Чуть только кончилось наше тревожное заседание (мил был один Сологуб, потешался над моей пуговицей; когда я просил его пододвинуть бублики — пододвигал не только ближайшую тарелку, но и ту, которая подальше; когда я сказал, что я болен, сказал: «он всегда болен» и пр.) — Замятин сообщил мне и Тихонову, что получена повестка — опротестован наш вексель, по которому мы должны платить типографии.
Тихонов дополнительно сообщил, что типография в обеспечение
долга заарестовала нашу 4-ю книжку, которую мы готовили с такими усилиями. У меня окончательно разболелась голова. Я ушел — с болью.1925
10 января. Удушье… Бедный Федин очень сконфужен… краснеет и мнется. Дело в том, что он секретарь «Звезды», а в «Звезде» Горбачев приготовил жестокую филиппику по адресу «Современника», где сотрудничает Федин. Он говорит: уйду, попрошу Ионова перевести меня в другой, здесь я не могу. Майский (редактор «Звезды»), бывший меньшевик, и, как всякий бывший меньшевик, страшно хлопочет перебольшевичить большевиков. Говорят, что статья Горбачева весьма доносительная{1}.

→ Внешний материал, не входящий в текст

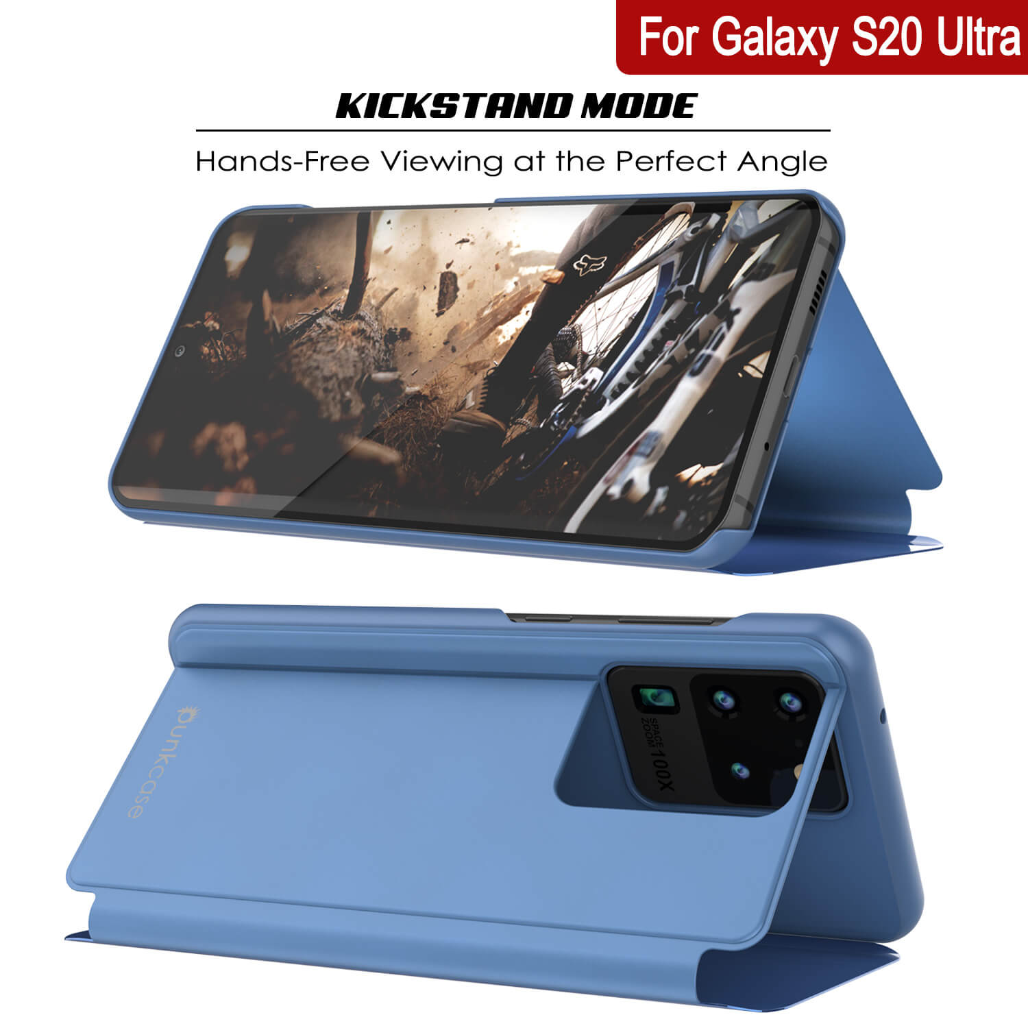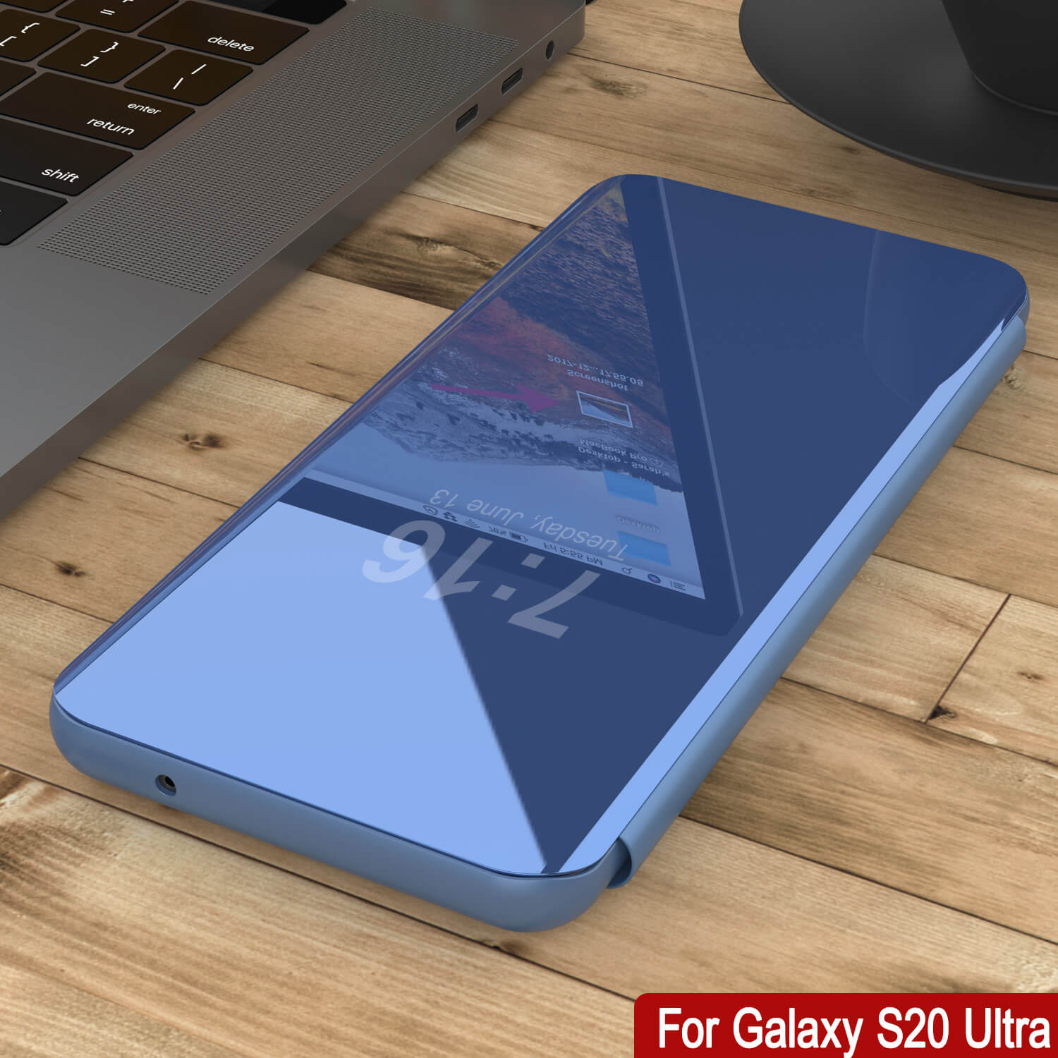 Punkcase Galaxy S20 Ultra Reflector Case Protective Flip Cover [Blue]
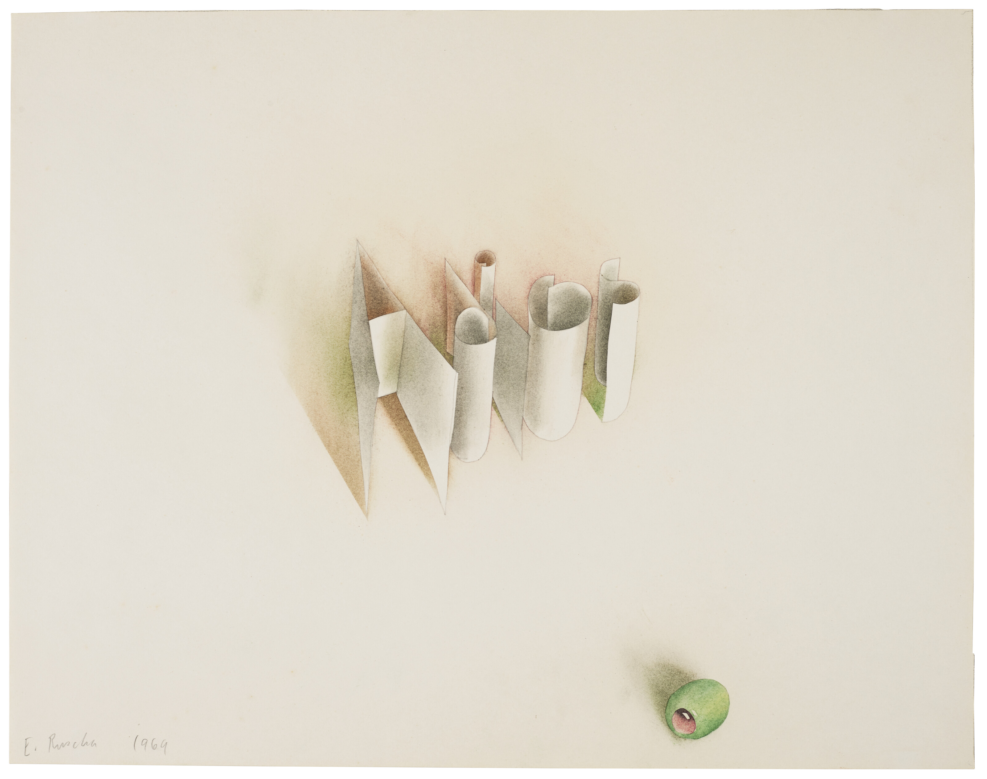 Ed Ruscha (b. 1937), Adios with Olive, 1969. Pastel and graphite on paper. 11¼ x 14½ in (28.2 x 36.8 cm). Estimate: $250,000-350,000. Offered in Post-War and Contemporary Day Sale on 20 November 2025 at Christie’s in New York

11 января. Был с утра в Госиздате. Приехал Белицкий. Очень хорошо ко мне отнесся. Устроил мне аванс под Некрасова. Я к Ионову. — «Когда может посетить вас депутация от коллегии „Всемирной Литературы“?» — «Какой коллегии?!» — вскричал он возбужденно, и я увидел, что для него самое слово коллегия — рана. — «Коллегия!? Да ведь коллегия распущена! Она поставила мне ультиматум, я этого ультиматума не принял, и Ольденбург мне по телефону ответил, что вы не желаете работать со мной!» — «Но вы после этого послали нам любезное письмо…» — «Вы что же? Ваш Тихонов хочет меня поссорить с Горьким, я от Горького получил телеграмму, вы на своих заседаниях говорите, что не желаете идти в ионовскую банду, — я все знаю, один из ваших же членов сообщает мне каждое ваше слово, да, да, — тут он сделал жест, как будто вынимает ящик стола и хочет показать какие-то документы, — ну, впрочем, не буду делать, литературного скандала — тут он выслал из комнаты Гоникберга и подбежал ко мне вплотную, глаза в глаза — а глаза у нею разные, с сумасшедшинкой, — знайте, Чуковский, что я и без вашей Коллегии поставлю Иностранный отдел, да, да, вы увидите», — словом, внес в это дело столько страсти, что я невольно любовался им. Он и не знает, что наша Коллегия вся состоит либо из болтунов, либо из занятых людей, которые не станут работать, либо из плохих литераторов, которые не умеют работать, — и что нечего так волноваться из-за этого малоценного приза. «Коллегию я не приму!» — выкрикнул он наконец. «А примете вы трех литераторов: Чуковского, Волынского, Замятина?» Он задумался. «Завтра, в два! Я завтра уезжаю».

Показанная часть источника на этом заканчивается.